- Born: DeeAnn Marie Reeder May 30, 1969 (age 57)
- Education: University of California, Berkeley (B.A.) University of California, Davis (M.S., Ph.D.)
- Known for: Bat disease ecology, White-nose syndrome, Mammal Species of the World
- Scientific career
- Fields: Mammalogy
- Workplaces: Bucknell University
- Doctoral advisor: Sally Mendoza
- Author abbrev. (zoology): Reeder

= DeeAnn M. Reeder =

DeeAnn Marie Reeder (born May 30, 1969) is an American mammalogist who specializes in bats and their diseases.

== Biography ==
Reeder received her Bachelor of Arts in 1991 from the University of California, Berkeley, and her Master of Science in 1997 from the University of California, Davis. In 2001, she earned her Ph.D. at UC Davis under the supervision of Sally Mendoza, with a dissertation titled The biology of parenting in the monogamous titi monkey (Callicebus moloch), on various aspects of infant caregiving behavior in a captive colony of the coppery titi monkey (Plecturocebus cupreus).

After completing a postdoctoral fellowship under Thomas H. Kunz at Boston University, she joined Bucknell University in Lewisburg, Pennsylvania as an assistant professor in 2005. She was promoted to full professor in 2014.

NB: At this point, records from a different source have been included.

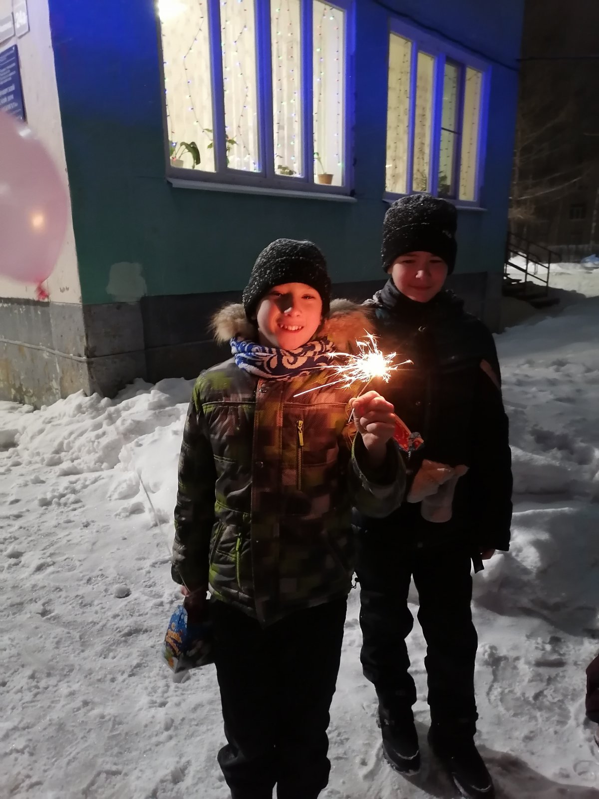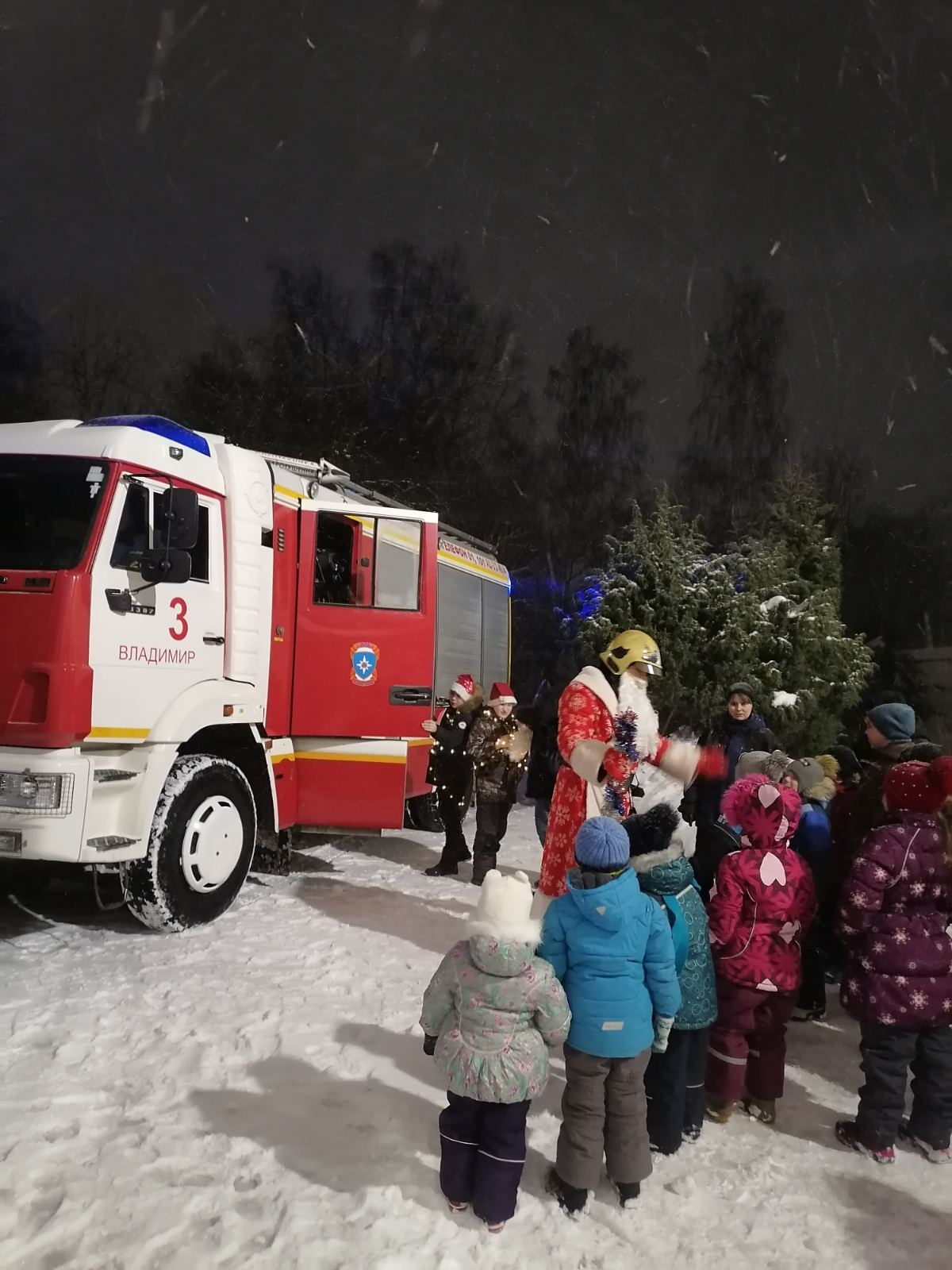 Дед Мороз и Снегурочка вручали сладкие подарки всем ребятам. Каждый рассказал стихотворения пожарному Деду Морозу, а потом вместе с ним спели новогоднюю песенку вокруг елки на улице. Ну и конечно, как без фейерверков. Это было фантастически красиво и незабываемо.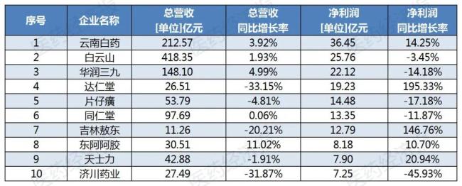 A股69家中药企半年报:白云山、云南白药、华润三九等6家净利润超10亿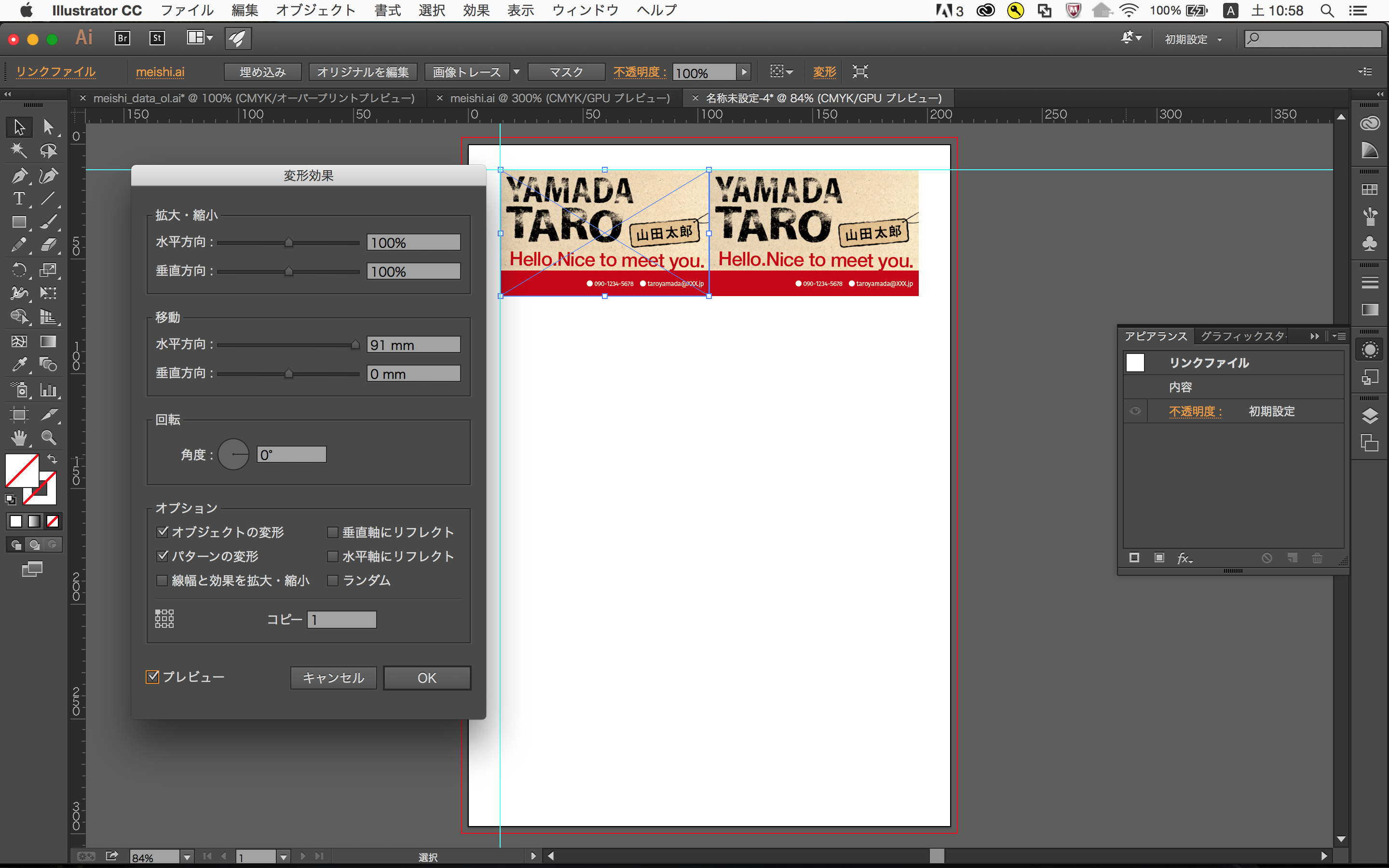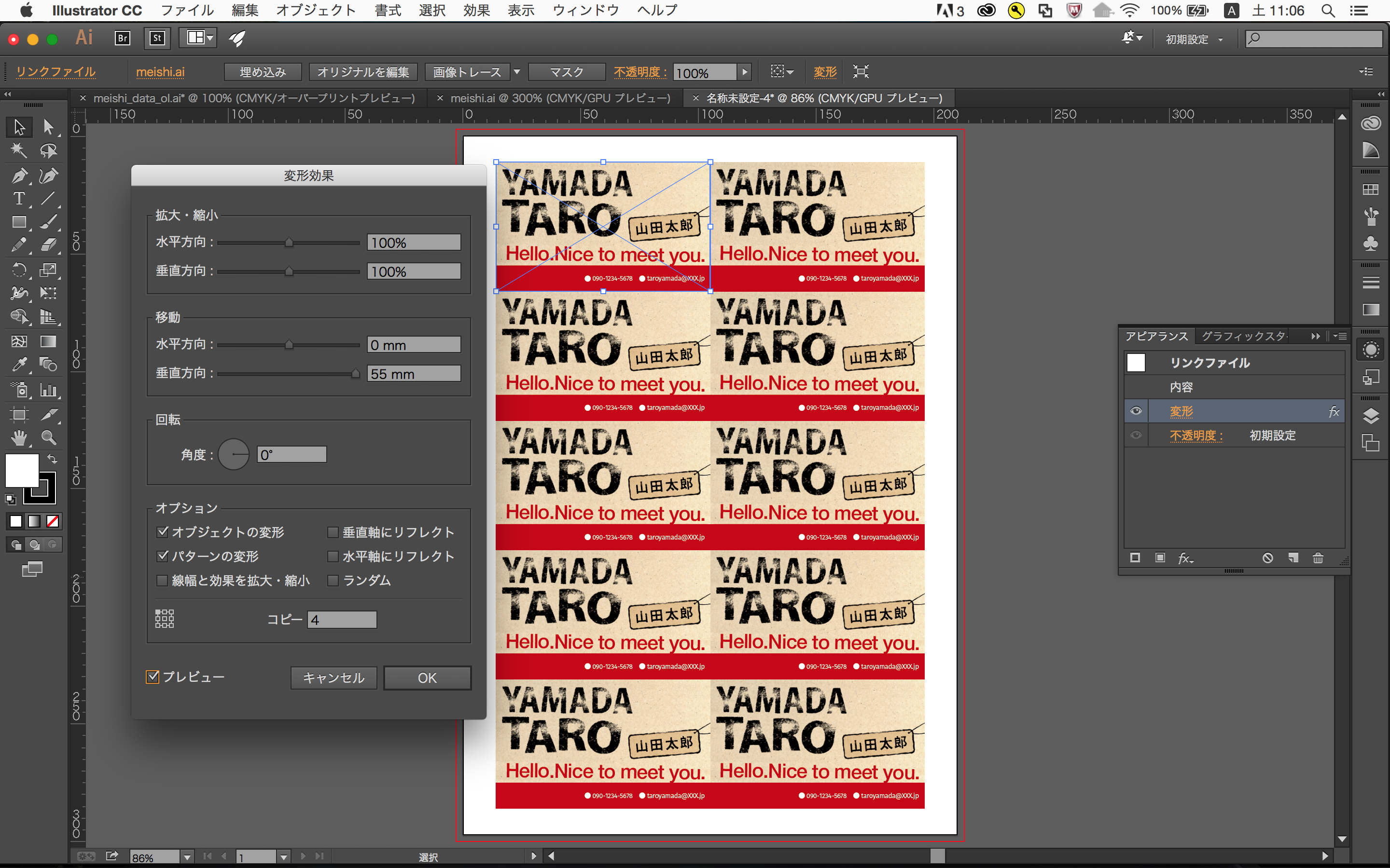 同様の手順で、今度はオブジェクトを縦方向へ移動コピーさせます。同じオブジェクトを選択し、同様に「アピアランス」パネルから、「Illustrator効果>パスの変形>変形」を選択します。新規効果を追加するかというダイアログが表示されるのでOK をクリックします。先ほどと同じダイアログが表示されるので「水平方向:0mm」「垂直方向:55mm」と入力し、基準点を左上に「コピー:4」としてプレビューボタンを押します。これで10面分の名刺データが作成できたことになります。あとは「ファイル>プリント」を実行して名刺をプリントするだけです。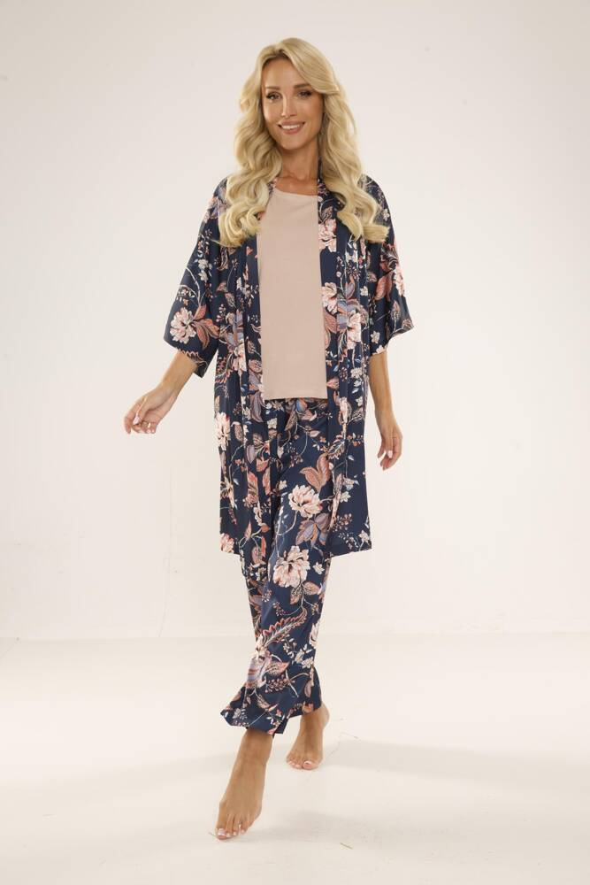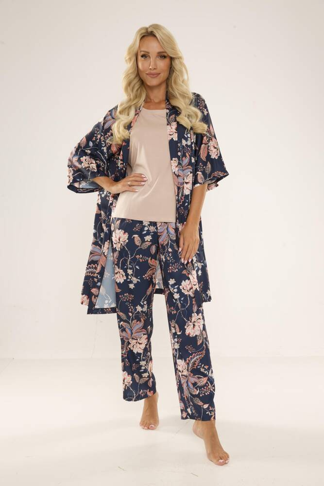 Dwuczęściowa piżamka firmy De lafense wykonana z wysokogatunkowej satyny. Idealna na dobry sen i na wspaniały początek dnia przy pierwszej porannej kawie. Dopasowana do ciała bluzka z krótkim rękawem, nie krępuje ruchów i ładnie podkreśla sylwetkę. Dekolt okrągły. Spodnie długie, w pasie wykończone gumką. Przyjemna w dotyku piżama, utrzymana jest w ciekawej kolorystyce.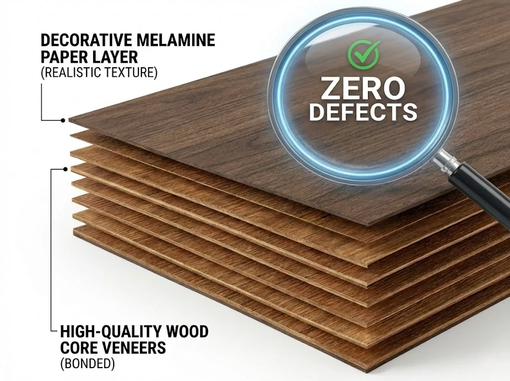 Quality begins at the core. We rigorously select BB-grade or higher eucalyptus/birch veneers, controlling moisture content between 8-12% to prevent warping. For the surface, we utilize A+ grade virgin wood pulp papers from top global suppliers (like Schattdecor/Impress). Through our fully automated impregnation line, we ensure precise resin content for vivid colors, high scratch resistance (>350 rpm), and a flawless finish free from knots, cracks, or wet blooms.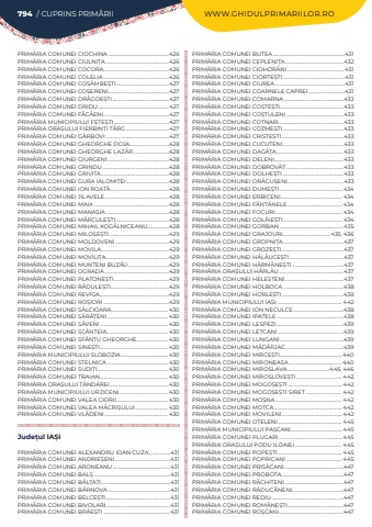 794 / CUPRINS PRIM%u0102RII WWW.GHIDULPRIMARIILOR.ROPRIM%u00c3RIA COMUNEI CIOCHINA...................................................426PRIM%u00c3RIA COMUNEI CIULNI%u021aA .....................................................426PRIM%u00c3RIA COMUNEI COCORA.......................................................426PRIM%u00c3RIA COMUNEI COLELIA.......................................................426PRIM%u00c3RIA COMUNEI COS%u00c2MBE%u0218TI............................................427PRIM%u00c3RIA COMUNEI CO%u0218ERENI...................................................427PRIM%u00c3RIA COMUNEI DR%u00c3GOE%u0218TI ...............................................427PRIM%u00c3RIA COMUNEI DRIDU............................................................427PRIM%u00c3RIA COMUNEI F%u00c3C%u00c3ENI.......................................................427PRIM%u00c3RIA MUNICIPIULUI FETE%u0218TI..............................................427PRIM%u00c3RIA ORA%u0218ULUI FIERBIN%u021aI T%u00c2RG ....................................427PRIM%u00c3RIA COMUNEI G%u00c2RBOVI .....................................................427PRIM%u00c3RIA COMUNEI GHEORGHE DOJA.................................428PRIM%u00c3RIA COMUNEI GHEORGHE LAZ%u00c3R..............................428PRIM%u00c3RIA COMUNEI GIURGENI....................................................428PRIM%u00c3RIA COMUNEI GRINDU........................................................428PRIM%u00c3RIA COMUNEI GRIVI%u021aA.........................................................428PRIM%u00c3RIA COMUNEI GURA IALOMI%u021aEI....................................428PRIM%u00c3RIA COMUNEI ION ROAT%u00c3.................................................428PRIM%u00c3RIA COMUNEI JILAVELE......................................................428PRIM%u00c3RIA COMUNEI MAIA...............................................................428PRIM%u00c3RIA COMUNEI MANASIA.....................................................428PRIM%u00c3RIA COMUNEI M%u00c3RCULE%u0218TI.............................................428PRIM%u00c3RIA COMUNEI MIHAIL KOG%u00c3LNICEANU..................428PRIM%u00c3RIA COMUNEI MILO%u0218E%u0218TI..................................................429PRIM%u00c3RIA COMUNEI MOLDOVENI.............................................429PRIM%u00c3RIA COMUNEI MOVILA.........................................................429PRIM%u00c3RIA COMUNEI MOVILI%u021aA.....................................................429PRIM%u00c3RIA COMUNEI MUNTENI BUZ%u00c3U..................................429PRIM%u00c3RIA COMUNEI OGRADA ......................................................429PRIM%u00c3RIA COMUNEI PLATONE%u0218TI..............................................429PRIM%u00c3RIA COMUNEI R%u00c3DULE%u0218TI.................................................429PRIM%u00c3RIA COMUNEI REVIGA..........................................................429PRIM%u00c3RIA COMUNEI RO%u0218IORI .......................................................429PRIM%u00c3RIA COMUNEI S%u00c3LCIOARA............................................... 430PRIM%u00c3RIA COMUNEI S%u00c3R%u00c3%u021aENI................................................... 430PRIM%u00c3RIA COMUNEI S%u00c3VENI......................................................... 430PRIM%u00c3RIA COMUNEI SC%u00c2NTEIA................................................... 430PRIM%u00c3RIA COMUNEI SF%u00c2NTU GHEORGHE.......................... 430PRIM%u00c3RIA COMUNEI SINE%u0218TI......................................................... 430PRIM%u00c3RIA MUNICIPIULUI SLOBOZIA....................................... 430PRIM%u00c3RIA COMUNEI STELNICA ................................................... 430PRIM%u00c3RIA COMUNEI SUDI%u021aI........................................................... 430PRIM%u00c3RIA COMUNEI TRAIAN......................................................... 430PRIM%u00c3RIA ORA%u0218ULUI %u021a%u00c3ND%u00c3REI................................................. 430PRIM%u00c3RIA MUNICIPIULUI URZICENI......................................... 430PRIM%u00c3RIA COMUNEI VALEA CIORII........................................... 430PRIM%u00c3RIA COMUNEI VALEA M%u00c3CRI%u0218ULUI........................... 430PRIM%u00c3RIA COMUNEI VL%u00c3DENI..................................................... 430Jude%u021bul IA%u0218IPRIM%u00c3RIA COMUNEI ALEXANDRU IOAN CUZA..................431PRIM%u00c3RIA COMUNEI ANDRIE%u0218ENI ..............................................431PRIM%u00c3RIA COMUNEI ARONEANU................................................431PRIM%u00c3RIA COMUNEI BAL%u0218 ................................................................431PRIM%u00c3RIA COMUNEI B%u00c3L%u021aA%u021aI..........................................................431PRIM%u00c3RIA COMUNEI B%u00c2RNOVA ....................................................431PRIM%u00c3RIA COMUNEI BELCE%u0218TI......................................................431PRIM%u00c3RIA COMUNEI BIVOLARI......................................................431PRIM%u00c3RIA COMUNEI BR%u00c3E%u0218TI ........................................................431PRIM%u00c3RIA COMUNEI BUTEA ............................................................431PRIM%u00c3RIA COMUNEI CEPLENI%u021aA.................................................432PRIM%u00c3RIA COMUNEI CIOHOR%u00c3NI................................................431PRIM%u00c3RIA COMUNEI CIORTE%u0218TI....................................................431PRIM%u00c3RIA COMUNEI CIUREA ..........................................................431PRIM%u00c3RIA COMUNEI COARNELE CAPREI...............................431PRIM%u00c3RIA COMUNEI COMARNA..................................................433PRIM%u00c3RIA COMUNEI COSTE%u0218TI.....................................................433PRIM%u00c3RIA COMUNEI CO%u0218TULENI................................................433PRIM%u00c3RIA COMUNEI COTNARI..........................................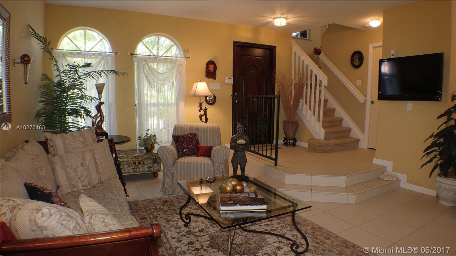 Beautiful 2-story home located at Piazza Vecchia. 3 bedrooms 2 1/2 bathrooms. Very low maintenance which also includes Internet, Basic cable and alarm monitoring. High ceilings, 2-car garage plus 2 additional parking spaces and hurricane shutters on all windows. Quiet Oasis in the middle of Doral. Excellent location close to major highways, Dolphin and International Malls and great schools.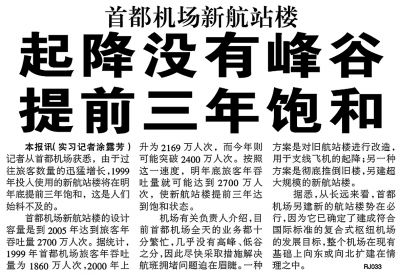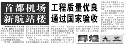 新落成的候机楼,建筑面积为6万平方米,比原候机楼大5倍,高峰小时旅客吞吐量为1500人次。(1979年10月2日《北京日报》1版,《崭新的航空港》)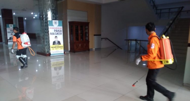 Terpantau pada Rabu (6/1) terlihat puluhan petugas dari BPBD Kota Tangsel melakukan penyemprotan desinfektan ke seluruh ruangan di DPRD.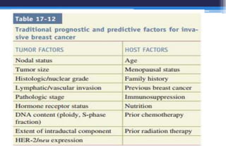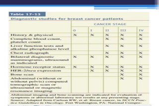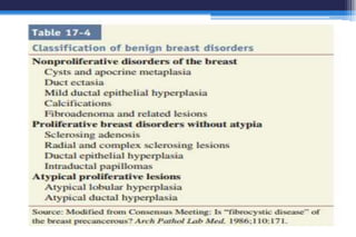 The document discusses various aspects of breast anatomy, pathology, diagnosis, and treatment, highlighting that benign breast disorders affect up to 30% of women, while breast cancer risks are influenced by factors like age and family history. Diagnostic techniques such as mammography, ultrasound, and MRI are outlined, alongside treatment options for conditions like bacterial mastitis, duct ectasia, and breast cancer. The text also emphasizes the importance of triple assessment in diagnosis and distinguishes between different types of breast cancer and their clinical presentations.

Her research focuses on disease ecology, behavior, physiology, and conservation in bats. She has studied the relationships between bat health, ecosystem health, and zoonotic disease risks in epauletted fruit bats in Central and East Africa. Reeder has also conducted extensive research on white-nose syndrome (WNS), a wildlife disease devastating North American bat populations. She holds a research appointment at the National Museum of Natural History of the Smithsonian Institution in Washington, D.C. In addition to her bat research, she is recognized internationally for studies of mammalian biodiversity, particularly in South Sudan.

In June 1993, together with Don E. Wilson, Reeder co-edited the second edition of Mammal Species of the World, which listed 26 orders and 4,629 species. The third edition followed in December 2005 in two volumes, covering 29 orders and 5,416 species. Mammal Species of the World became a standard reference work on mammals and is also available as an online database.

In 2013, Reeder was part of the team that described the new monotypic genus Niumbaha for the pied bat, originally described by Robert William Hayman in 1939 as a member of Glauconycteris.

In 2025, she published the book The Lives of Bats: A Natural History.